Tuttavia, lei doveva mostrargli una sfrontatezza che sarebbe stata in grado di spegnere almeno un po' ciò che provava per lei, o almeno, ci provò:
decise di provocarlo e di mettere da parte la sua insicurezza e le sue buone maniere. Lo conosceva troppo bene per farsi ancora prendere dalla paura, e di rivolgersi a lui con quella timidezza che le apparteneva. Per la prima volta da quando lo conosceva, non puzzava nè di sudore, di vino o di sangue. Questo forse, era il suo primo lavoro che gli permetteva di avere del tempo per lavarsi.
Gli mise una mano sulla spalla, coperta da una spessa armatura, e avvicinando il suo corpo al suo, insieme alle sue labbra che si diressero verso l'unico orecchio che gli era rimasto, sussurrò, con un sorriso divertito:
«Sì...sì, hai ragione. La mia stanza non è molto lontana dalla sala grande, non dovresti metterci molto se ti mandassi a condurlo fin qui per porgergli le mie scuse. Sono sicura che per quanto questo vestito sia succinto, lasci ancora molto all'immaginazione, non credi?Non dev'essere stato facile per lui stare accanto a me per tutto quel tempo.»
Sansa non potè credere a ciò che aveva appena detto, e soprattutto, il modo in cui aveva pronunciato quelle parole che mai si sarebbe aspettata di dire.

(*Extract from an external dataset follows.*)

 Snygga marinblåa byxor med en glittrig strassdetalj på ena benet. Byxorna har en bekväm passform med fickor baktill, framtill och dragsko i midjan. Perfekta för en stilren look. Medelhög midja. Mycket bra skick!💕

Ma come erano arrivati a discutere di un tale tabù, per lei? Le sue uniche esperienze con l'amore erano soltanto colme di violenza e maltrattamenti, figurarsi il sesso.
"Non ha nessun rispetto per quello che ho dovuto passare.Gli importa solo di ciò che sente suo di diritto."

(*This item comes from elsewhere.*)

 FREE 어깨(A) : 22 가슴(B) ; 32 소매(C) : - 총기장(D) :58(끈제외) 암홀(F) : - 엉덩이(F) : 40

I suoi occhi si erano abituati al buio e riusciva a distinguere vagamente la sua espressione, sentiva la sua rabbia trapelare dal suo sguardo. Iniziò a sentirsi tremendamente in colpa, ma fin quando lui non avesse imparato ad essere meno presuntuoso, anche Sansa non avrebbe dovuto farsi scrupoli.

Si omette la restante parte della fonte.